- **TASK GOAL**
Below are entries with pictures among them; reproduce exactly, and only, the lines from the one containing "2017年我国银行业金融资产" down to the one containing "Импортные корма для", without the pictures.

- **INPUT RECORDS**

#####

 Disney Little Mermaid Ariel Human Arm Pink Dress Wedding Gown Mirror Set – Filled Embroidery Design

#####

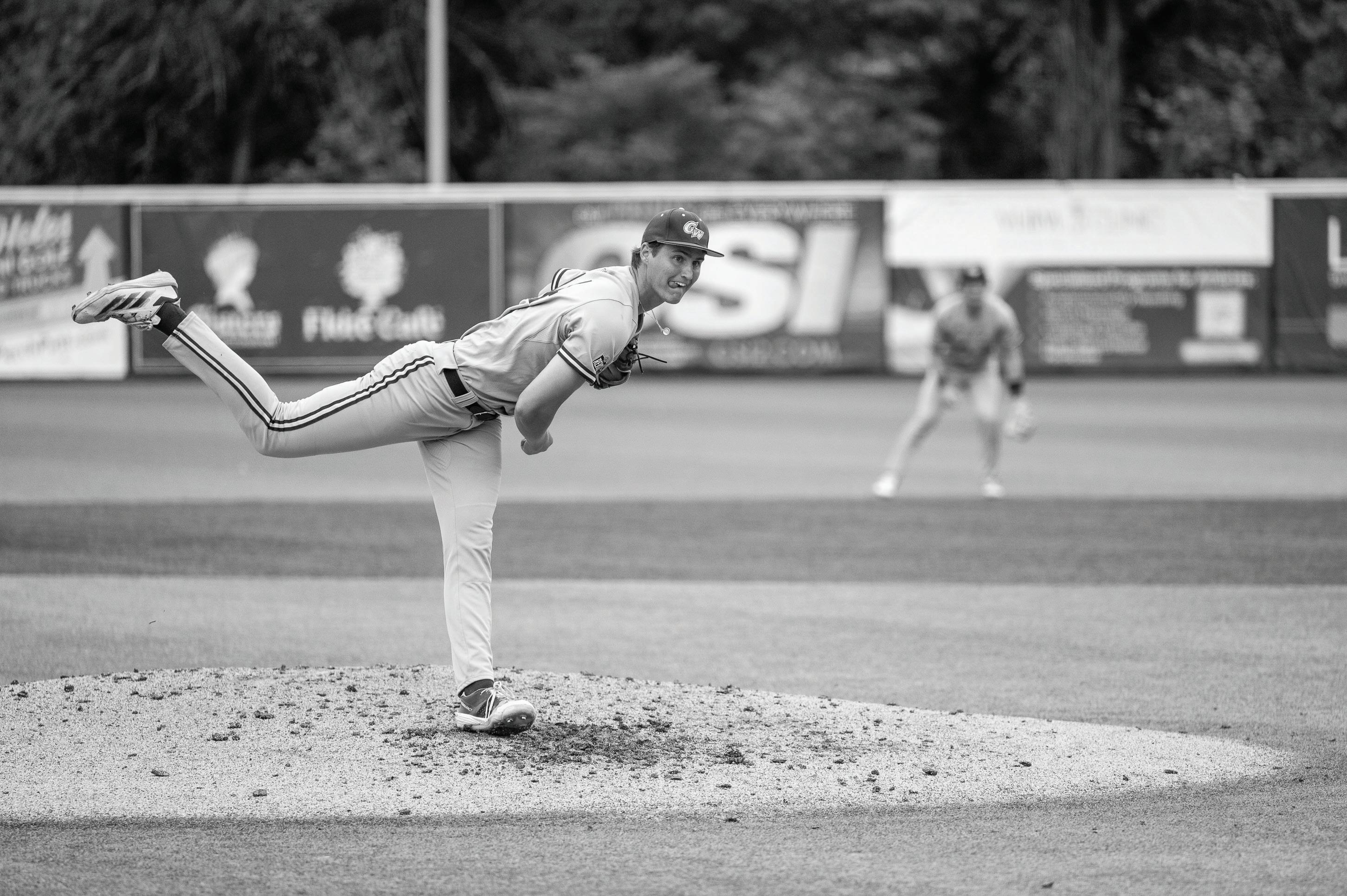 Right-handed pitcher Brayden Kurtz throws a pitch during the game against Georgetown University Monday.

#####

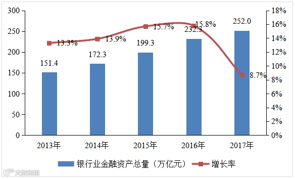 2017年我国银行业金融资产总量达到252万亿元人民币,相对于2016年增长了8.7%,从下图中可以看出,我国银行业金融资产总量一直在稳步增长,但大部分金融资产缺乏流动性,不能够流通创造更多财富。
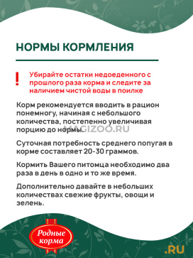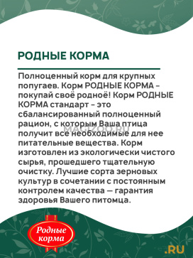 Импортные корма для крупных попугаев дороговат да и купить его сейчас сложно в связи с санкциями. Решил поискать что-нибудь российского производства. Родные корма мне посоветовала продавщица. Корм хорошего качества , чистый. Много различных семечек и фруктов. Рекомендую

#####

- **ANSWER BOX**
 2017年我国银行业金融资产总量达到252万亿元人民币,相对于2016年增长了8.7%,从下图中可以看出,我国银行业金融资产总量一直在稳步增长,但大部分金融资产缺乏流动性,不能够流通创造更多财富。
 Импортные корма для крупных попугаев дороговат да и купить его сейчас сложно в связи с санкциями. Решил поискать что-нибудь российского производства. Родные корма мне посоветовала продавщица. Корм хорошего качества , чистый. Много различных семечек и фруктов. Рекомендую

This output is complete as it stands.